Per anni ho pensato che il male più grande fosse la superficialità; ultimamente ho capito che anche l’approfondimento a oltranza non basta, a un certo punto devi tornare in superficie: sai cosa c’è sotto ma riemergi, respiri e agisci.
Nel suo ultimo libro “Con parole precise” Gianrico Carofiglio spiega il processo di ricerca del giusto modo di scrivere prendendo in prestito le parole di un maestro di arti marziali:
“Quando cominciai lo studio dell’arte marziale, per me un pugno era solo un pugno. Progredendo nella pratica, diventando esperto, padroneggiando la tecnica mi resi conto che le cose erano meno ovvie: un pugno non era solo un pugno. Era qualcosa di molto più complesso. Progredendo ancora, continuando a praticare per anni (diventando un maestro, diremmo noi) compresi una verità più profonda e semplice: un pugno è solo un pugno.”

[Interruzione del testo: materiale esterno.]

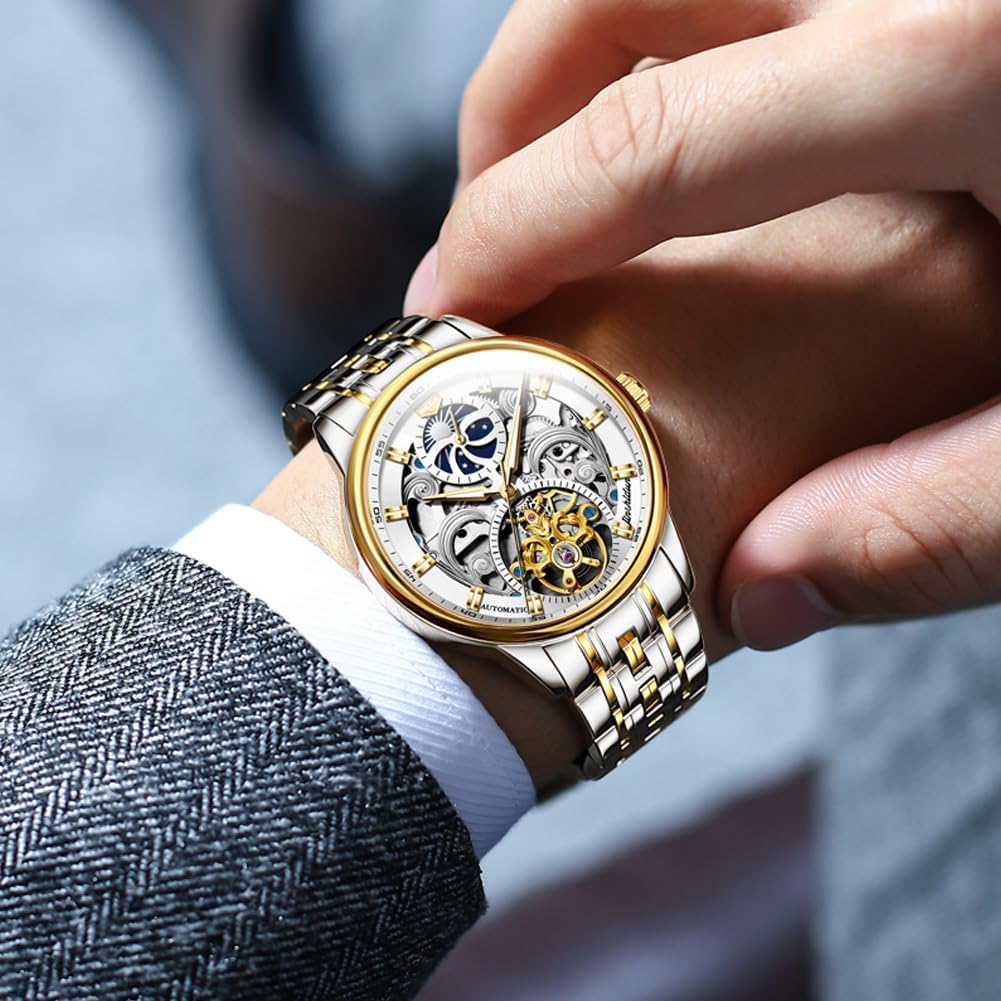 This watch is crafted for men who value both style and substance. Its skeleton dial and gold finish make it a standout accessory for formal occasions, weddings, or professional settings where attention to detail matters. The automatic movement appeals to those who prefer mechanical timepieces, offering a traditional alternative to battery-powered quartz watches. With no need for battery changes, it’s a low-maintenance option as long as it’s worn regularly.
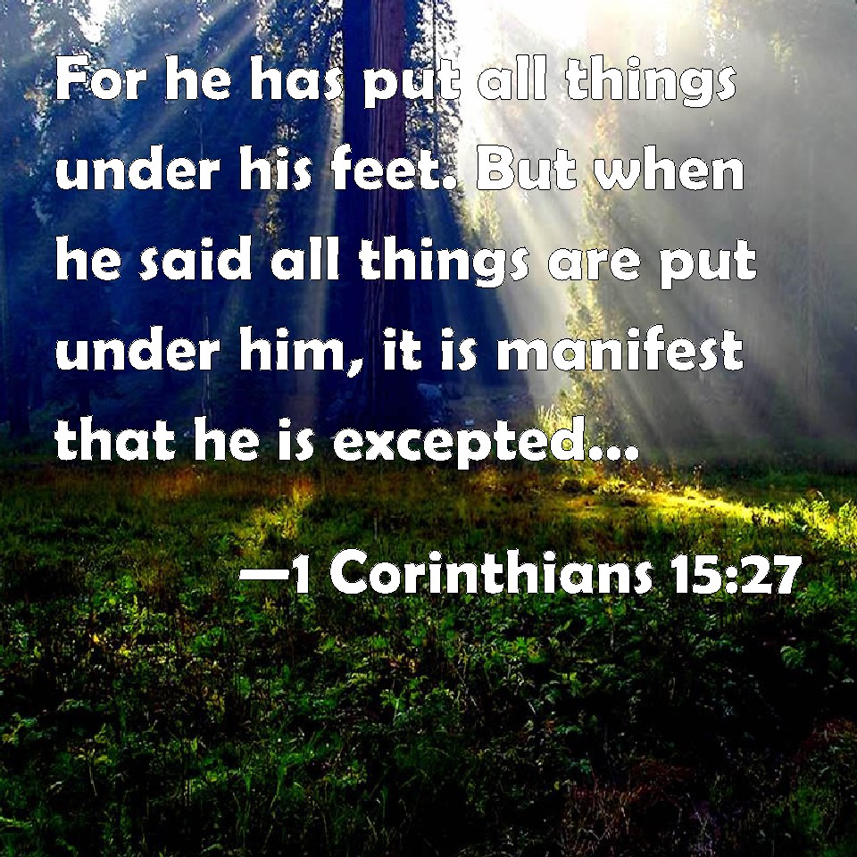 Choose a Background 1 Corinthians 15:27 For he has put all things under his feet. But when he said all things are put under him, it is manifest that he is excepted, which did put all things under him. KJV: For he hath put all things under his feet. But when he saith, all things are put under him, it is manifest that he is excepted, which did put all things under him. DRB: All things are put under him; undoubtedly, he is excepted, who put all things under him. DBT: For he has put all things in subjection under his feet. But when he says that all things are put in subjection, it is evident that it is except him who put all things in subjection to him. ERV: For, He put all things in subjection under his feet. But when he saith, All things are put in subjection, it is evident that he is excepted who did subject all things unto him. WBT: For he hath put all things under his feet. But when he saith, all things are put under him, it is manifest that he is excepted who did put all things under him. WEB: For, "He put all things in subjection under his feet." But when he says, "All things are put in subjection," it is evident that he is excepted who subjected all things to him. YLT: for all things He did put under his feet, and, when one may say that all things have been subjected, it is evident that He is excepted who did subject the all things to him,Links 1 Corinthians 15:27 NIV • 1 Corinthians 15:27 NLT • 1 Corinthians 15:27 ESV • 1 Corinthians 15:27 NASB • 1 Corinthians 15:27 KJV • 1 Corinthians 15:27 Interlinear • 1 Corinthians 15:27 Commentaries • 1 Corinthians 15:27 Parallel Texts • 1 Corinthians 15:27 Bible Apps • 1 Corinthians 15:27 Parallel • Bible Hub |

Questo ti auguro per l’anno nuovo e tutti quelli a venire: uno sguardo leggero, di goderti il cammino, di avere una meta per cui valga la pena camminare.
[Nella foto una delle meravigliose installazioni di Alessandro Turoni – la mostra “Naufragi evolutivi” è visitabile a Forlì, presso Artealmonte, fino al 24 gennaio]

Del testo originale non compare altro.